Take a glance at this week's bluegrass music charts, and you'll find that the Steep Canyon Rangers are keeping company at the top with veteran pickers and players such as Doyle Lawson, The Seldom Scene, Merle Haggard and Rhonda Vincent.

Though the five young men who make up the Rangers Graham Sharp, Woody Platt, Charles R. Humphrey III, Mike Guggino and Nicky Sanders are tasting success in a genre that loves its history and traditions, each considers himself a first-generation bluegrass guy.

"We're all the only people in our families who do bluegrass. It's where we ended up and we're really glad to be here, but it isn't something we were born and raised on," Platt said by phone from his home in Asheville, N.C.

When Platt, Sharp and Humphrey started playing music together as students at the University of North Carolina, they had no final destination in mind.

"At our very earliest stages, we just wanted to play music," Platt said. "Graham was playing banjo and Charles was playing upright bass, so we were steered in that direction pretty quickly. We had a friend of ours who played guitar. He didn't want to classify what we were doing; he just wanted to play music.

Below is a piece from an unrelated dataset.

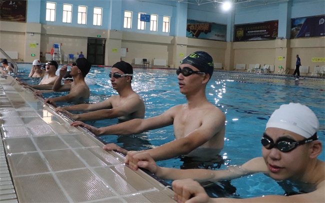 “班长,蛙泳过程中怎么才能有效且快速换气?”“为什么我游泳的时候总是不自觉下沉?”“身体放松,吸一口气后闭气,身体进入水中后,按照动作要领蹬腿抱水,一步一个动作,切莫心急,同时在水里时呼气节奏慢一些,保证胸腔里留有部分空气,头露出水面后,快速换气,慢慢体会找到适合自己的节奏……”训练中,教练员围绕理论讲解、下水实训、换气练习、连贯动作练习等多方面进行指导。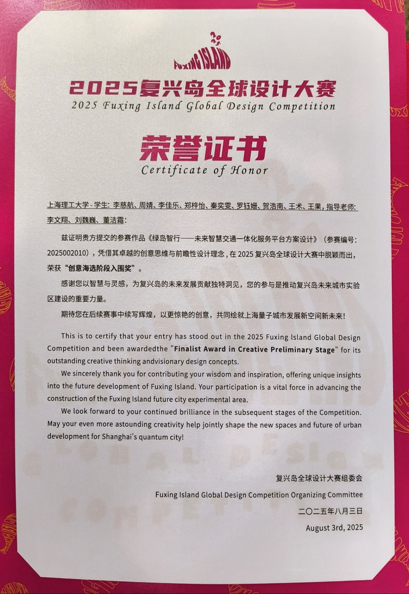 8月3日,上海理工大學(xué)管理學(xué)院收到復(fù)興島全球設(shè)計(jì)大賽組委會(huì)頒發(fā)的2025復(fù)興島全球設(shè)計(jì)大賽榮譽(yù)證書(shū)。由管理學(xué)院副院長(zhǎng)劉魏巍、交通系統(tǒng)工程系教師李文翔和董潔霜聯(lián)合指導(dǎo)的參賽作品《綠島智行——未來(lái)智慧交通一體化服務(wù)平臺(tái)方案設(shè)計(jì)》,經(jīng)過(guò)校內(nèi)選拔賽、大賽組委會(huì)評(píng)審等多個(gè)環(huán)節(jié),從全球600余份創(chuàng)新提案中脫穎而出,獲“創(chuàng)意海選階段入圍獎(jiǎng)”,成為僅有的40支晉級(jí)復(fù)賽團(tuán)隊(duì)之一。 獲獎(jiǎng)證書(shū)2025復(fù)興島全球設(shè)計(jì)大賽由上海市規(guī)劃和自然資源局、上海市楊浦區(qū)人民政府共同主辦,聚焦復(fù)興島“數(shù)字島、設(shè)計(jì)島、人民島”三島功能定位,面向全球規(guī)劃、建筑、景觀(guān)、藝術(shù)、數(shù)字智能、商業(yè)策劃、文化體育、旅游展覽等各領(lǐng)域的團(tuán)隊(duì)或個(gè)人,以

"Eventually, with our instrumentation that we had and our musical interests, we did our research and quickly got really into the old Flatt and Scruggs and Jimmy Martin stuff," Platt said. "It didn't take us too long to realize that we were a bluegrass band."

Seven years and five albums later, the Rangers are proud of the impressions left on the audiences at the hundreds of shows they've played. But they're prouder that they know their way around the recording studio.

"We've grown slowly through the process of these records as recording artists and knowing how to get things right in the studio . . . and to know how to hire a producer and ask for help and guidance. . . . We count on having that outside ear, someone who's not heard the songs so many times -- just a fresh perspective."

Singer, songwriter and picker Ronnie Bowman added that perspective on the band's latest, 2007's "Lovin' Pretty Women."

"Ronnie was great. He really knew how to do it. He didn't want to make a Ronnie Bowman record. He wanted to make a Steep Canyon Rangers record. He wanted to get our style of music out. He didn't try to change who were are. We really respected that," Platt said.

The Steep Canyon sound is canyon-deep in tradition, but the Rangers are doing their part to spread the greatness that is bluegrass music by bringing their tunes to venues and audiences that may not hear a whole lot of high lonesome twang.

"We're willing to play bluegrass for anybody," Platt said. "We don't want to play just the traditional bluegrass market. I would say we're focused on the cross-marketing of ourselves, and under that comes growing the popularity of the music."

But Platt insists that the Rangers don't meet the bluegrass definition of road warriors.

Tonight's gig at Ashland Coffee & Tea is just part of "what we call a sustainable schedule," he said.

"We have enough shows that we enjoy to play and have a real national presence. But we also are home enough, because a couple of the guys have young children and I love being home."